FAA is one of the important taste substances and aroma precursors of chicken meat, many of which have sweet, sour, salty, fresh and other flavors. Among them the content of amino acids with taste function has a significant impact on muscle flavor (del Olmo et al., 2015; Qi et al., 2017; Diez-Simon et al., 2019). The present study showed that dietary ME and CP levels affected the FAA, not only some amino acids content but also amino acid types, especially the flavoring amino acids. Dietary ME level significantly affected TAA and EAA content, with 11.71 MJ/kg ME group having a higher TAA and EAA content, while dietary CP level did not differ, suggesting that an increase in dietary ME level could significantly increase the TAA and EAA content. About flavoring amino acids, higher dietary ME levels increased the content of flavoring amino acids and the content of FSAA and BAA. However, we found that the proportion of EAA, FSAA, and BAA in TAA, with the increase of dietary ME level, FSAA content in the low ME group accounted for the largest proportion, and the smallest proportion of BAA, while the proportion of EAA showed a trend of rising first and then declining, indicating that a tasty chicken meat can be obtained at a moderate ME level.

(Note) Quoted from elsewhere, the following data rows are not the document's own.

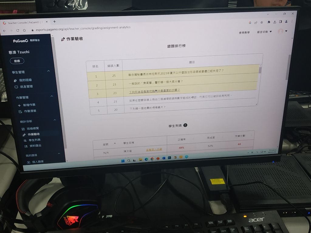 各班有提早一週讓學生跑流程,進入以後,先依照慈濟之前給的題庫練習大概半節課到一節課,增加問答或是題庫的熟悉度,也會影響到他們的成績。何老師覺得因為遊戲,「你進去可能有興趣,想要更高分的人,自己回家就再多加練習,我覺得分數比較多的原因,可能是這樣。」 而PaGamO平臺用遊戲來介入,讓環保議題提升學生們的動機,這也是學習上蠻好的策略。
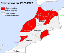 Machtbereich des marokkanischen Sultans (bilad al-maghzen) in rot. Die Gebiete nicht unterworfener Stämme (bilad al-siba) in grau. Letztere erkannten vielfach seine Oberhoheit als religiöser Führer an.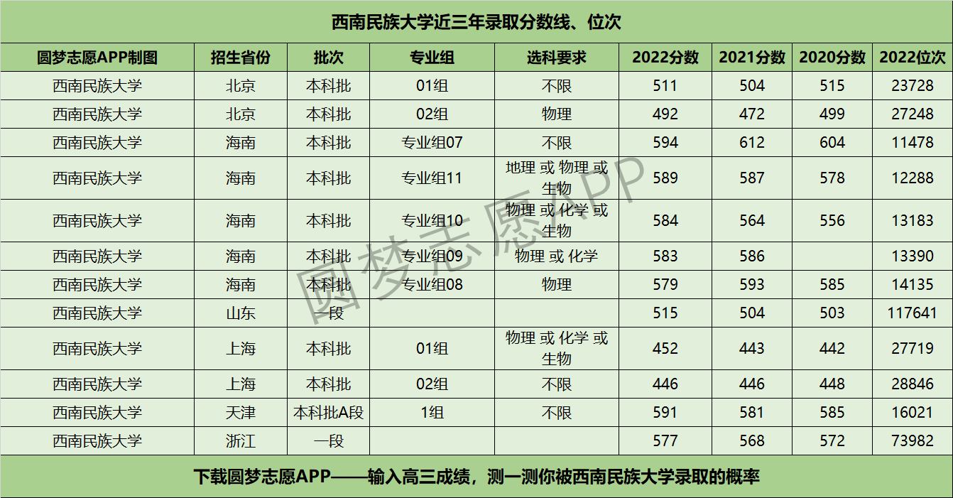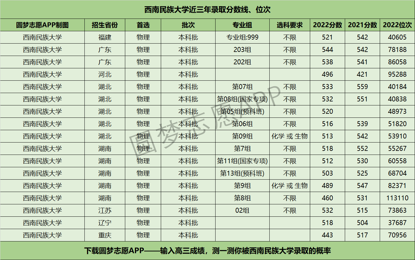 三、西南民族大学近年录取分数线及位次【首选物理版】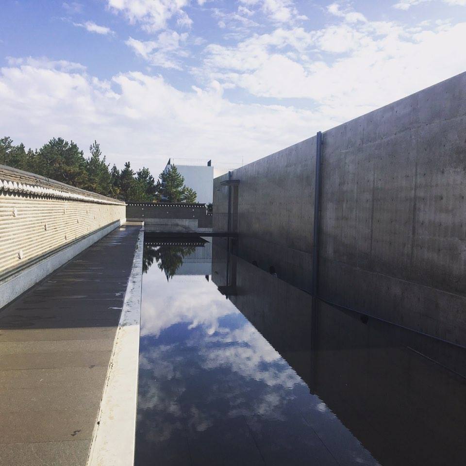 안도 다다오 관련 책들에서 본태 박물관을 다루지 않아 정보가 없었지만 다른 안도의 건축에서의 특징들이 고스란히 담겨 있다. 그의 시그니처인 노출 콘크리트, 자연광을 통한 빛과 그림자는 아름답다. 박물관은 후기 불교미술부터 현대미술관을 비롯한 5관까지 있다. 모든 전시관을 이동할 때마다 밖으로 나와야하므로 굉장히 불편하다. 그의 작품 스미요시 나가야에서 화장실을 갈때 비를 맞으면서 가야하는 불편함이 있는데, 마침 내가 방문한 날에 비가 열심히 내렸다. 바로 그 자연과 하나되는 불편함을 신발을 흠뻑젖어가면서 온몸으로 체험했다. 현대미술을 전시한 2관은 신발을 벗고 들어가야한다. 주택구조의 체험으로 관람객들을 제어한다.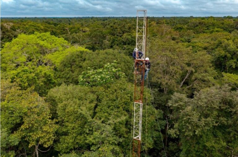 O Instituto de Desenvolvimento Sustentável Mamirauá (IDSM), ligado ao Ministério da Ciência, Tecnologia e Inovação (MCTI), inaugurou, em dezembro, a primeira torre dedicada ao monitoramento da emissão de gases de efeito estufa em florestas de várzea da Amazônia. Localizada na Reserva Mamirauá, a torre tem 48 metros de altura e se ergue acima da copa das árvores, destacando-se na paisagem amazônica.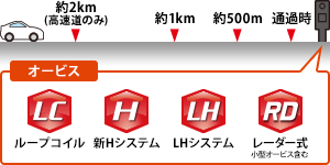 取締りの登録ポイントから約1km手前(一時停止取締のみ約100m手前)とエリア内に入ったときの2段階でお知らせします。高速道走行中の場合、オービスと同じく約2kmでもお知らせします。(一時停止取締り以外)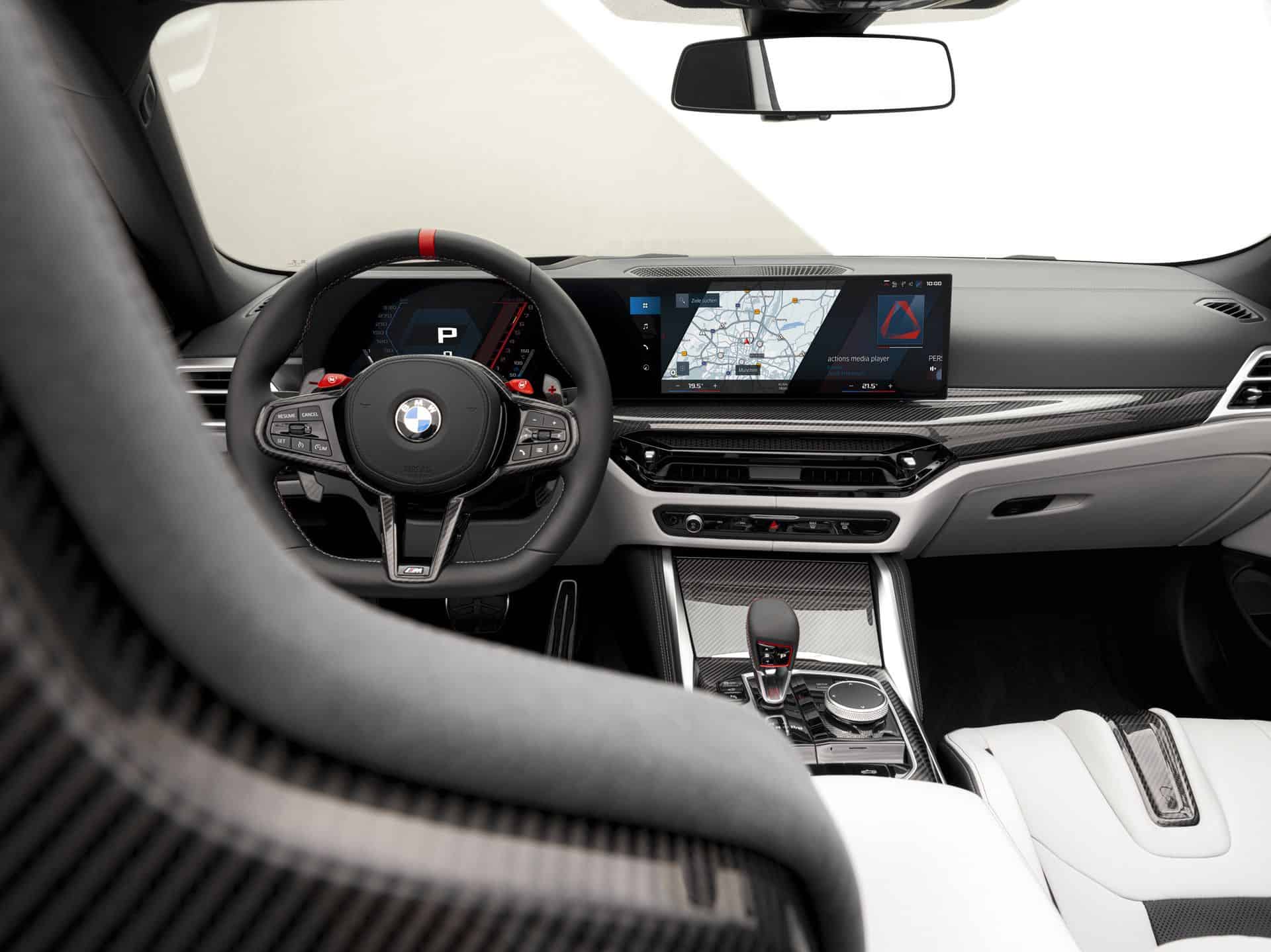 Inside, the 2025 BMW M4 models continue to emphasize a premium and sporty ambiance. Additionally, the BMW M4 LCI gets an Alcantara-wrapped steering wheel with a flat bottom. When it comes to the infotainment system, the large curved display is still present, but now powered by iDrive 8.5. The interior trims around the dashboard, the control panel, and the cupholder cover now come as standard in a Dark Graphite matte finish.

Dietary CP levels affected the Glu content, which was one of the fresh flavor substances (Kurihara., 2009), and at the 14% CP level, BAA accounted for a relatively small proportion of the total FAA and a higher proportion of FSAA.

Fatty acids are important chemical substances that make up fats and are part of tissue cells that determine the physicochemical properties of fats and influence the flavor of meat (Diez-Simon et al., 2019; Zhan et al., 2022). Among them, UFA contribute considerably to human health and can inhibit the development of many diseases by increasing n−3 PUFA content of food (i.e., reducing the n−6/n−3 PUFA ratio) (Kouba et al., 2003; Theodoratou et al., 2007; Simopoulos., 2008). The FA composition of the bird can be directly regulated by nutritional level of the diet (Wood et al., 2004; Simopoulos, 2006; Wood et al., 2008; Kouba et al., 2011). Diet-regulated chicken meat can be an important source of PUFA (especially n−3 PUFA) for human health (Howe et al., 2006). Jahan et al. (2005) found a correlation between α-tocopherol, PUFA, ω-3 FA content and flavor abundance in cooked chicken meat, with PUFA and α-tocopherol content strongly correlated with total flavor abundance

This study showed that the dietary ME and CP levels affect the pectoral FA composition, especially PUFA. In the group with 11.51 MJ/kg ME and 14% CP, the TFA content was increased, which had an impact on each FA content, with a significant increase in PUFA content, which is a determinant of flavor. In contrast, the highest PUFA content group had higher values for both n−6 PUFA and n−3 PUFA, but also had the highest value for n−6/n−3, indicating that the increase in n−6 PUFA content was much higher than that of n−3 PUFA under this condition.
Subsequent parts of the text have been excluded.